Lo explosivo e inmediato de aquel festival inconcluso también da cuenta de su importancia. No había antecedentes en línea con él, más allá del histrionismo de Johnny Ray, mediocre cantante descendiente de indios que se movía frenéticamente en el escenario, y amenazaba con sacarse la ropa ante el delirio de sus fans en Club Flame de Detroit.
El blues y el country pasaron de los burdeles, las iglesias y las plantaciones a los centros urbanos. De Mississippi a Chicago. Del sur rural a ese norte industrial que vio emerger otro mojón clave: el joven como consumidor activo, como carne de cañón de un consumismo masivo que –también-- haría saltar de fase al maldito capitalismo.
Freed –y Mintz—la vieron entonces para que dos años después, avivadas productoras y sellos discográficos, Elvis Presley grabara sus dos primeros temas en Memphis; James Dean y Marlon Brando se rebelaran sin causa y los discos en 78 rpm dieran paso a los de 45, en beneficio de la alta fidelidad.
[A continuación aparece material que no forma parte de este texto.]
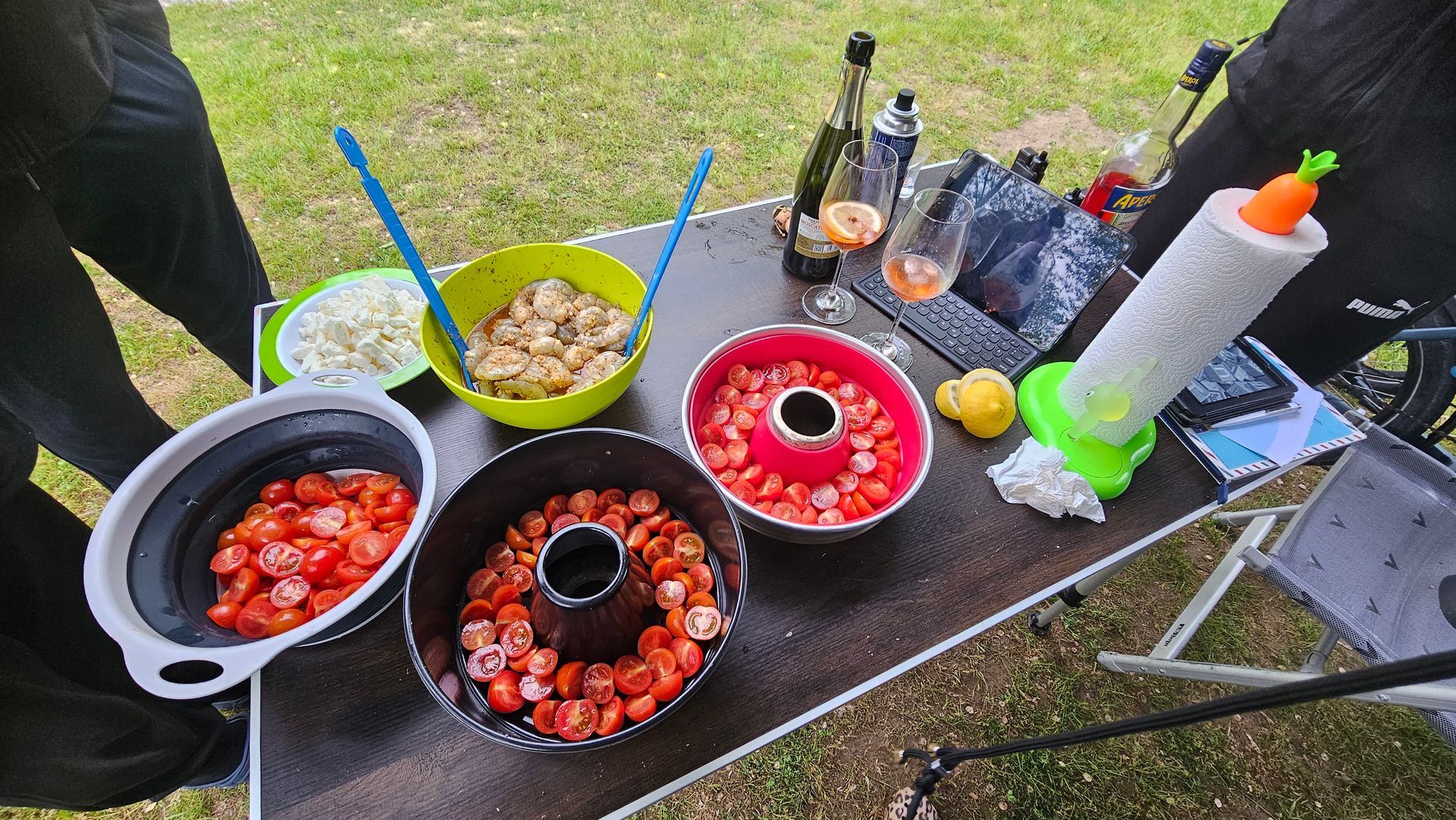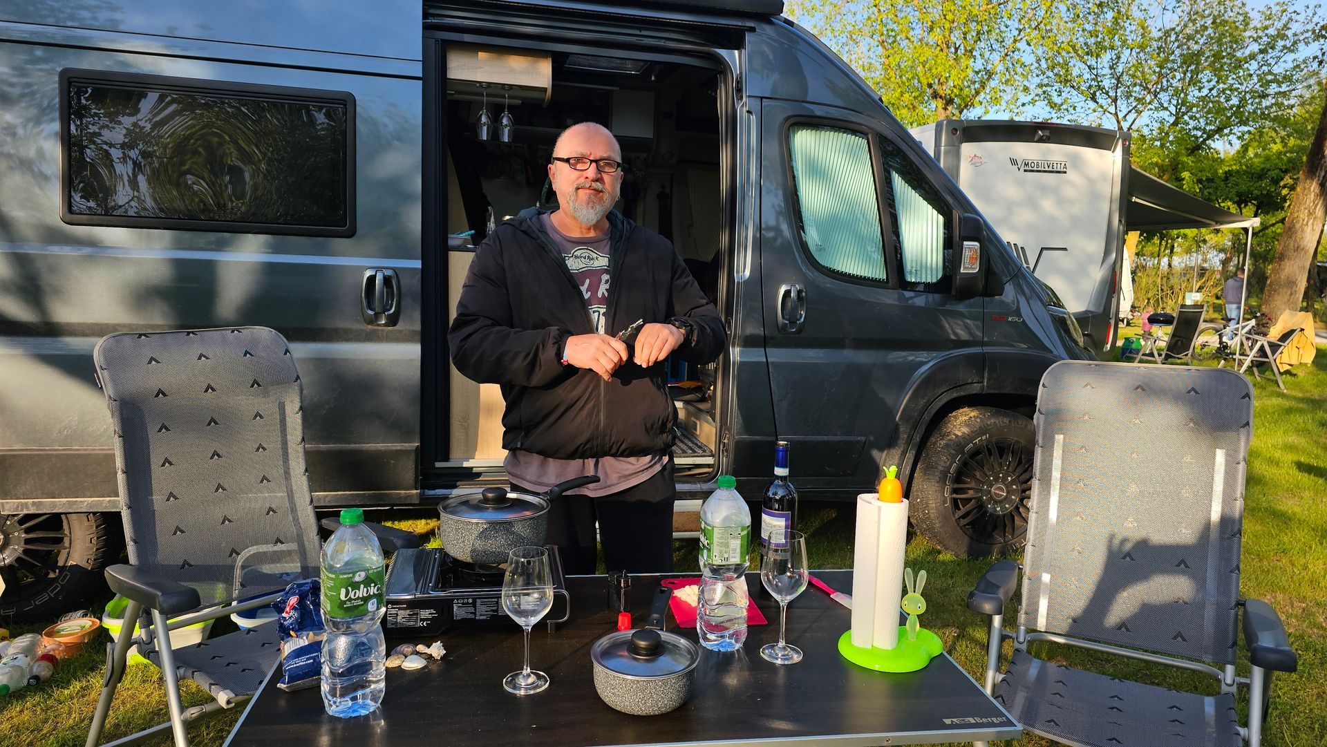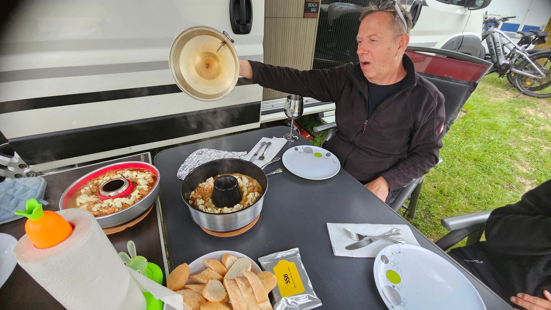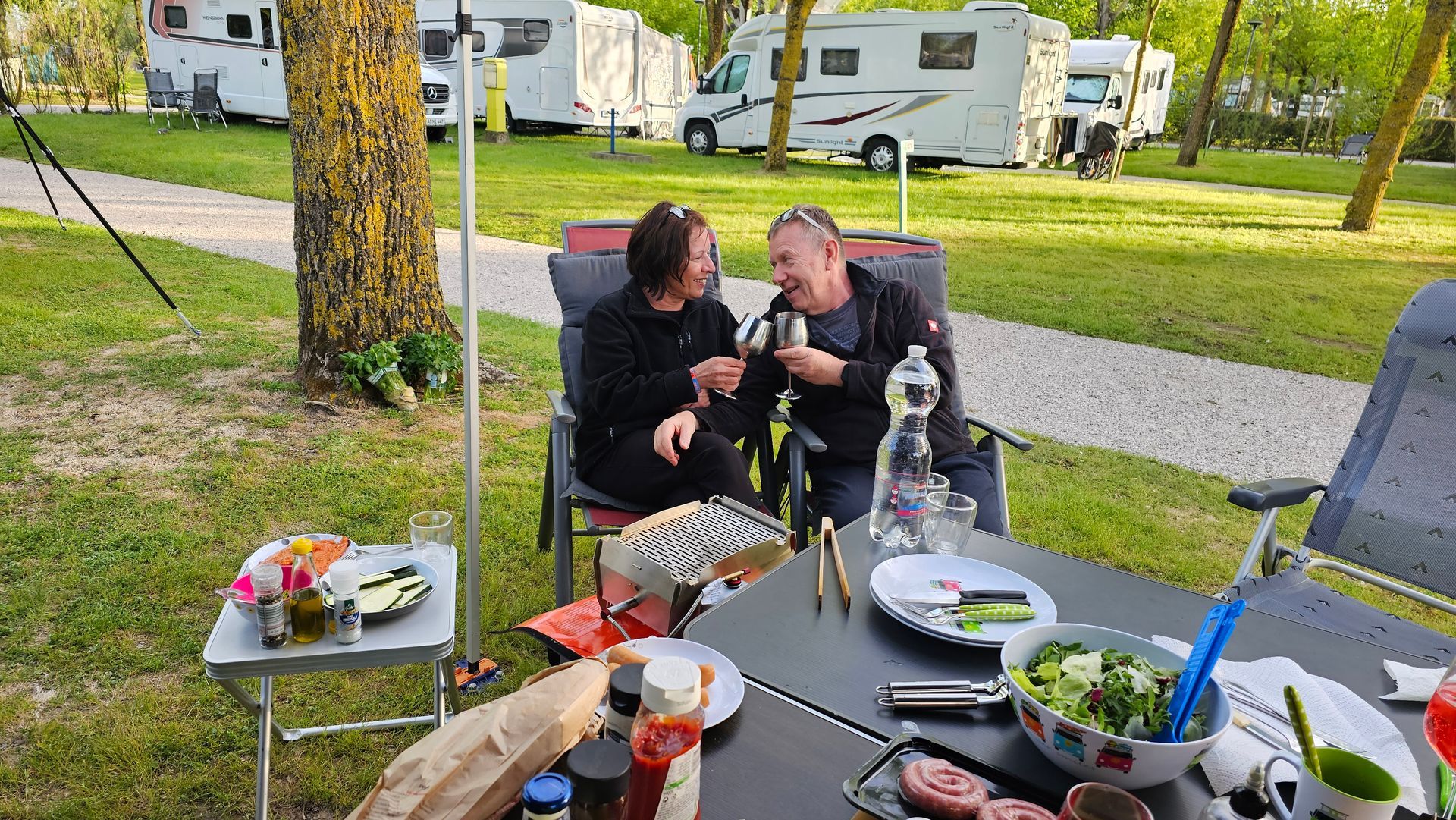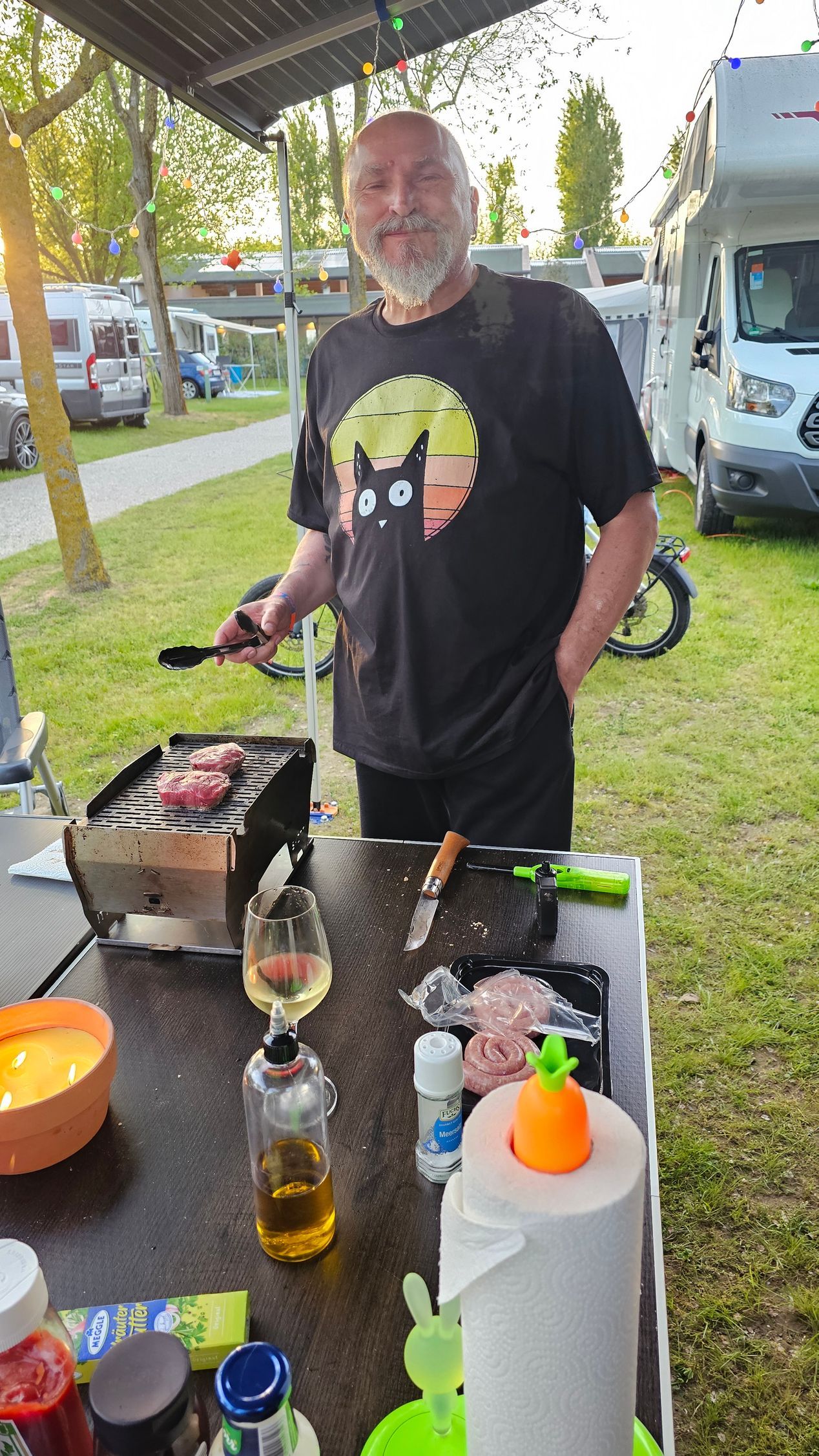 Während wir tagsüber meist getrennte Wege gegangen sind, haben wir uns alle auf unsere abendlichen Kochaktionen gefreut. Sven hat sich ganz neu einen Skotti-Grill geholt. So konnten wir also gemeinsam grillen - und das haben wir auch gemacht. Und wir hatten beide unseren Omnia dabei - da konnte Hansi unsere leckeren Feta-Shrimps für uns köcheln. Natürlich sind wir auch Essen gegangen und wir haben uns auch schon mal eine Pizza geholt. Alles in allem hatten wir abends gemeinsam immer viel Spass, wir haben aber auch Urlaubspläne geschmiedet und über Gott und die Welt geredet. Wir hatten einfach eine schöne Zeit.

No mucho más faltaba, además, para que los seguidores del perro de la luna se rindieron ante los pies del Gene Vincent de “Woman love”; del rockabilly de Sun Records; del insumiso Eddie Cochran y su “Twenty flight rock”; de las guitarras duras, rabiosas y el duckwalk de Chuck Berry, o de Little Richard y Jerry Lee Lewis aporreando sus pianos, cuando todo era nada.
La antena Moondog captó también el radio del blues y del soul, y los puso en la misma caja. John Lee Hooker, uno de los mejores exponentes del primero –sobre todo a partir de su incursión en el sello Chess--, y Muddy Waters haciendo punta desde Chicago, comenzaron a ser parte de un mismo todo que, además de los rockers antedichos, incorporaba al Sam Cooke, de “You send me”, y las estrellas negras del Tamla Motown.
Fue la primera oleada, frenética, polirracial y salvaje que por supuesto, al igual que el festival en el Cleveland, asustó al establishment. Lo puso en vilo. Pronto, tanto como Freed --a quien primero le cancelaron el programa de tv en la Cadena ABC, porque tuvo la “osadía” de hacer bailar a un negro con una blanca y luego fue acusado de corrupción comercial hasta morir en 1962-- el rock indómito de los principios entró en la misma abulia que las autoridades fantaseaban para el sueño americano.
Pronto, claro, llegarían Los Beatles, los Stones y Bob Dylan para poner las cosas en su lugar. Y desde ahí, darlas vuelta.